• Raw data
▬▬▬▬▬▬

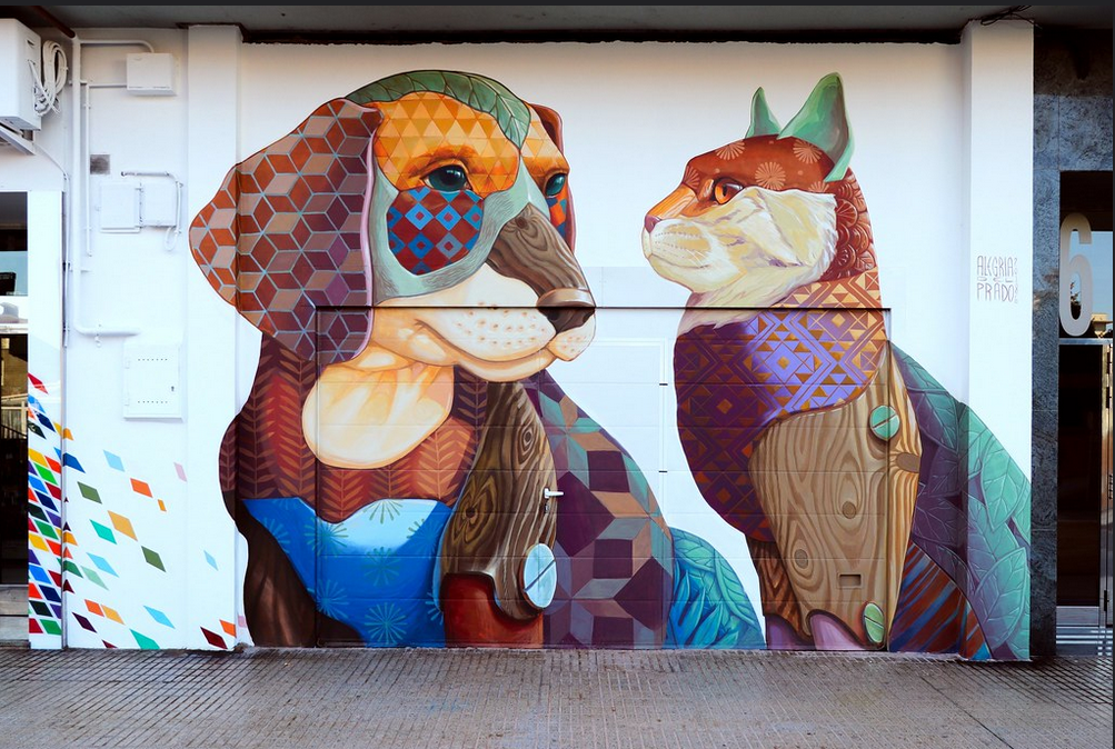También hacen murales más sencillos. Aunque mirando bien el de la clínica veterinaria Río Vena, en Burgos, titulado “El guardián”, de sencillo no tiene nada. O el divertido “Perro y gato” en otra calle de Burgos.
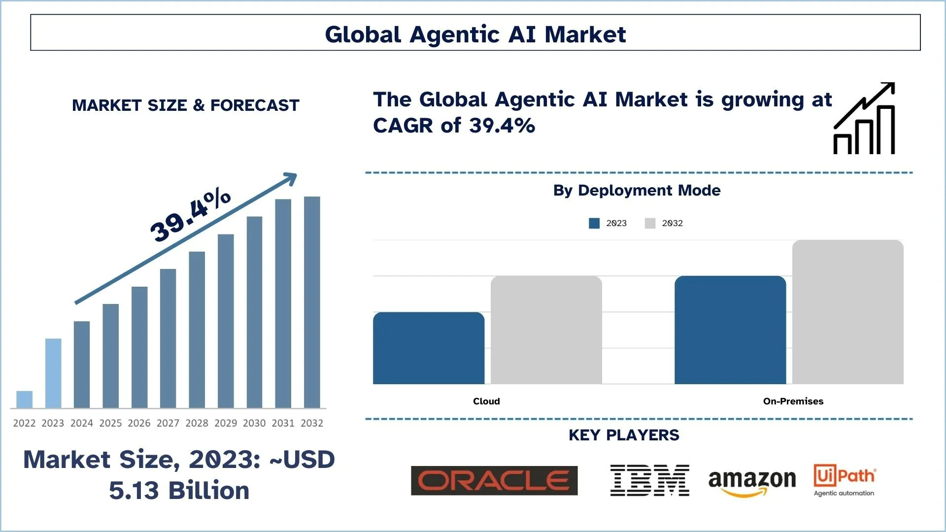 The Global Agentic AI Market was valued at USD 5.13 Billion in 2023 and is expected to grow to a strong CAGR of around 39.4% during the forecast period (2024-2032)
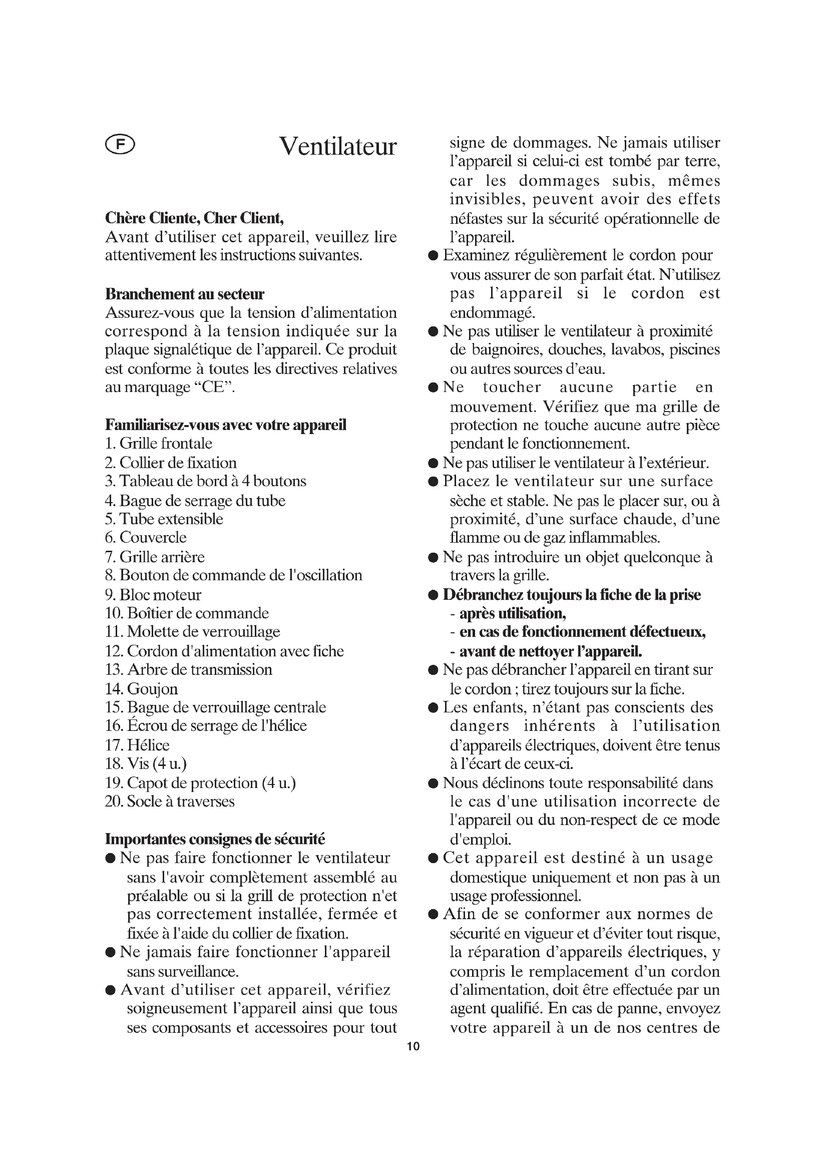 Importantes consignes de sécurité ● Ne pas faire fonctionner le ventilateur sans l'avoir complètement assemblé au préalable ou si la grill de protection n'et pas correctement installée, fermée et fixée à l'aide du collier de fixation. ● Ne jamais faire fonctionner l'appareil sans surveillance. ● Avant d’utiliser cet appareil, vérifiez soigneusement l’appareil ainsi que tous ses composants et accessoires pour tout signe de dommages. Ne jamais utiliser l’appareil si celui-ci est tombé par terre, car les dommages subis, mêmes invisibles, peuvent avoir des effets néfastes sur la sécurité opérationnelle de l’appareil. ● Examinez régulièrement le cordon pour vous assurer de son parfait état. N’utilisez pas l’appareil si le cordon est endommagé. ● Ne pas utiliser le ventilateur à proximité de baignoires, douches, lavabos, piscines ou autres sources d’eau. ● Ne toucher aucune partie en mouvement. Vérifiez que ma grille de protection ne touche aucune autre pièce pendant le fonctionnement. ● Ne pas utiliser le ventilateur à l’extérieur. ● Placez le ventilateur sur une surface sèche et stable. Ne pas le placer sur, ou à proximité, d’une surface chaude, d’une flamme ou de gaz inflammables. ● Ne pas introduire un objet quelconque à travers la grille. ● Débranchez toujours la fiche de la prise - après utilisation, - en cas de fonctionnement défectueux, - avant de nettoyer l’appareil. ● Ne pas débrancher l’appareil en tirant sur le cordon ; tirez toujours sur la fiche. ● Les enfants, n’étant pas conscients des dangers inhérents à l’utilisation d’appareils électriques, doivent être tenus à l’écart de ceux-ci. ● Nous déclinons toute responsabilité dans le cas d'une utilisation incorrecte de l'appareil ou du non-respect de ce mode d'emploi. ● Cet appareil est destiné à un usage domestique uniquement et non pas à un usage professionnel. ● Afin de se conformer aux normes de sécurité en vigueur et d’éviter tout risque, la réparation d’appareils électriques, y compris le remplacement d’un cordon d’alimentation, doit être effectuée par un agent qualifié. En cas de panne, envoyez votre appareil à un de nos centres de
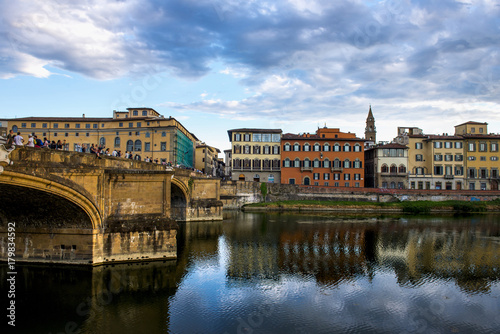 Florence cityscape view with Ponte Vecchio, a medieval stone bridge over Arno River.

▬▬▬▬▬▬

• Work instructions
Retype the data above exactly. Leave the pictures out.

• Reply to the task
También hacen murales más sencillos. Aunque mirando bien el de la clínica veterinaria Río Vena, en Burgos, titulado “El guardián”, de sencillo no tiene nada. O el divertido “Perro y gato” en otra calle de Burgos.
 The Global Agentic AI Market was valued at USD 5.13 Billion in 2023 and is expected to grow to a strong CAGR of around 39.4% during the forecast period (2024-2032)
 Importantes consignes de sécurité ● Ne pas faire fonctionner le ventilateur sans l'avoir complètement assemblé au préalable ou si la grill de protection n'et pas correctement installée, fermée et fixée à l'aide du collier de fixation. ● Ne jamais faire fonctionner l'appareil sans surveillance. ● Avant d’utiliser cet appareil, vérifiez soigneusement l’appareil ainsi que tous ses composants et accessoires pour tout signe de dommages. Ne jamais utiliser l’appareil si celui-ci est tombé par terre, car les dommages subis, mêmes invisibles, peuvent avoir des effets néfastes sur la sécurité opérationnelle de l’appareil. ● Examinez régulièrement le cordon pour vous assurer de son parfait état. N’utilisez pas l’appareil si le cordon est endommagé. ● Ne pas utiliser le ventilateur à proximité de baignoires, douches, lavabos, piscines ou autres sources d’eau. ● Ne toucher aucune partie en mouvement. Vérifiez que ma grille de protection ne touche aucune autre pièce pendant le fonctionnement. ● Ne pas utiliser le ventilateur à l’extérieur. ● Placez le ventilateur sur une surface sèche et stable. Ne pas le placer sur, ou à proximité, d’une surface chaude, d’une flamme ou de gaz inflammables. ● Ne pas introduire un objet quelconque à travers la grille. ● Débranchez toujours la fiche de la prise - après utilisation, - en cas de fonctionnement défectueux, - avant de nettoyer l’appareil. ● Ne pas débrancher l’appareil en tirant sur le cordon ; tirez toujours sur la fiche. ● Les enfants, n’étant pas conscients des dangers inhérents à l’utilisation d’appareils électriques, doivent être tenus à l’écart de ceux-ci. ● Nous déclinons toute responsabilité dans le cas d'une utilisation incorrecte de l'appareil ou du non-respect de ce mode d'emploi. ● Cet appareil est destiné à un usage domestique uniquement et non pas à un usage professionnel. ● Afin de se conformer aux normes de sécurité en vigueur et d’éviter tout risque, la réparation d’appareils électriques, y compris le remplacement d’un cordon d’alimentation, doit être effectuée par un agent qualifié. En cas de panne, envoyez votre appareil à un de nos centres de
 Florence cityscape view with Ponte Vecchio, a medieval stone bridge over Arno River.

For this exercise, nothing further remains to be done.